__DESCRIPTION OF THE TASK__: Would you output the entries below only from the line containing "CBT testini bron" through the line containing "Особую признательность глава", exactly as they stand and with both ends included?

__MATERIAL PROVIDED__:
══════════

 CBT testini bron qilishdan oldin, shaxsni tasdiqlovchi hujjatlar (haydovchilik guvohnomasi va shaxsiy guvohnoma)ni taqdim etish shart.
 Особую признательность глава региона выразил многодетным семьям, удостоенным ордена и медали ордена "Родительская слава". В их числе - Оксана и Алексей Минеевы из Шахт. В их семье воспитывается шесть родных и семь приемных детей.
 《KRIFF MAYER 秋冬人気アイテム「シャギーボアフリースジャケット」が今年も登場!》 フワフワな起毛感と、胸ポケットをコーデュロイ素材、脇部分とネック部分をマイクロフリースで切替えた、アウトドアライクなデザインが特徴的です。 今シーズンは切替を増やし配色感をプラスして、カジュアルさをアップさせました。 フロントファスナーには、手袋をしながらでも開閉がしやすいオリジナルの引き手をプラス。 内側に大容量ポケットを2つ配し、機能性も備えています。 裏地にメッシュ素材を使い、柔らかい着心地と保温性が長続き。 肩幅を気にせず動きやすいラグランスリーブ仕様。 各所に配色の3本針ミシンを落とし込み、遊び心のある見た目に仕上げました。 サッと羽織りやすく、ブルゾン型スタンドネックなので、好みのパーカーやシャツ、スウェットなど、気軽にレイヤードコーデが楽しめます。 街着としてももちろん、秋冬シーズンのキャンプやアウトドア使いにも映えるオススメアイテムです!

══════════

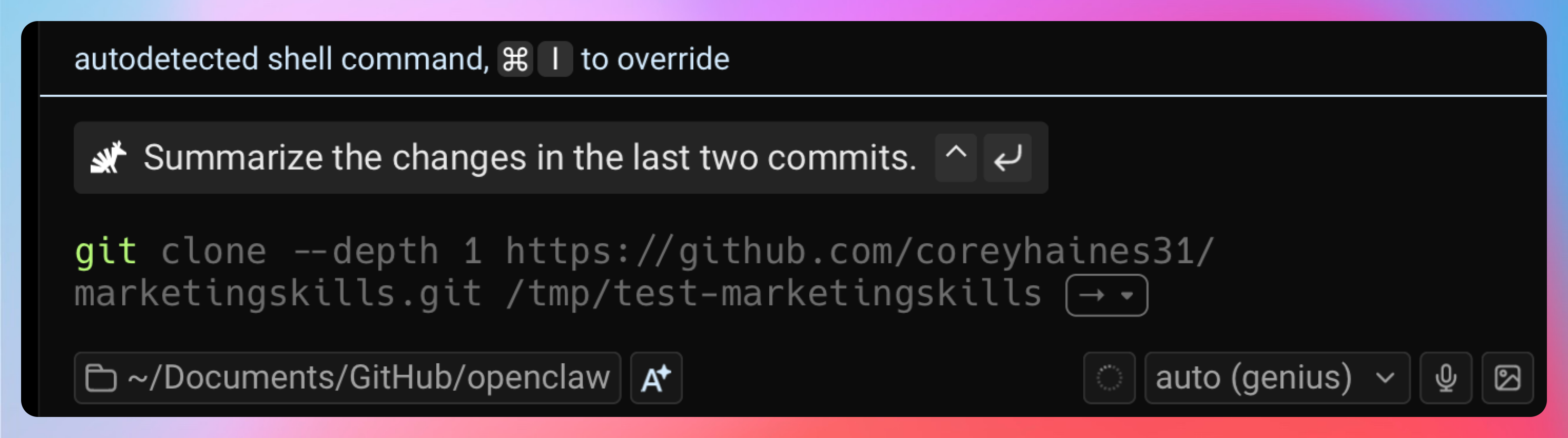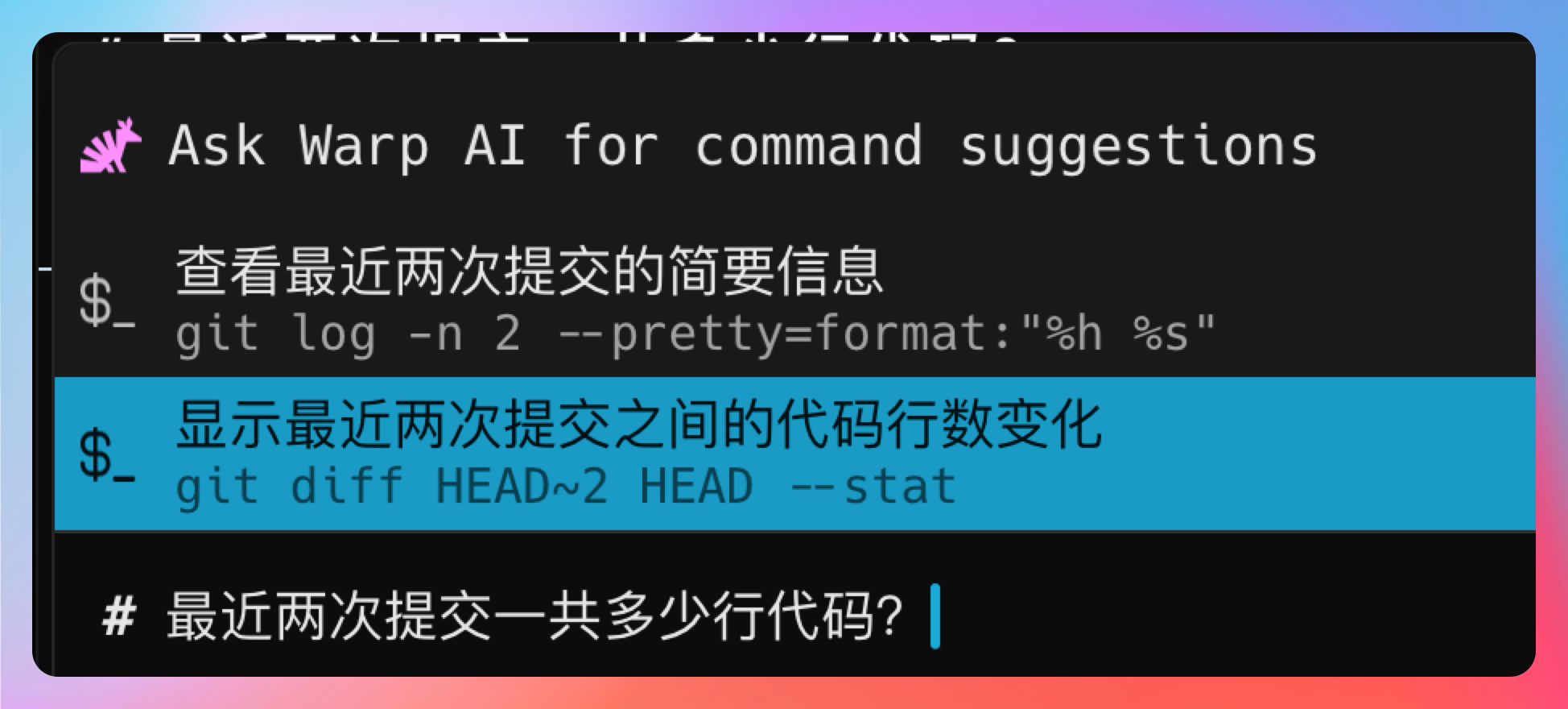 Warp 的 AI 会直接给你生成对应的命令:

══════════

__EXPECTED ANSWER__:
 CBT testini bron qilishdan oldin, shaxsni tasdiqlovchi hujjatlar (haydovchilik guvohnomasi va shaxsiy guvohnoma)ni taqdim etish shart.
 Особую признательность глава региона выразил многодетным семьям, удостоенным ордена и медали ордена "Родительская слава". В их числе - Оксана и Алексей Минеевы из Шахт. В их семье воспитывается шесть родных и семь приемных детей.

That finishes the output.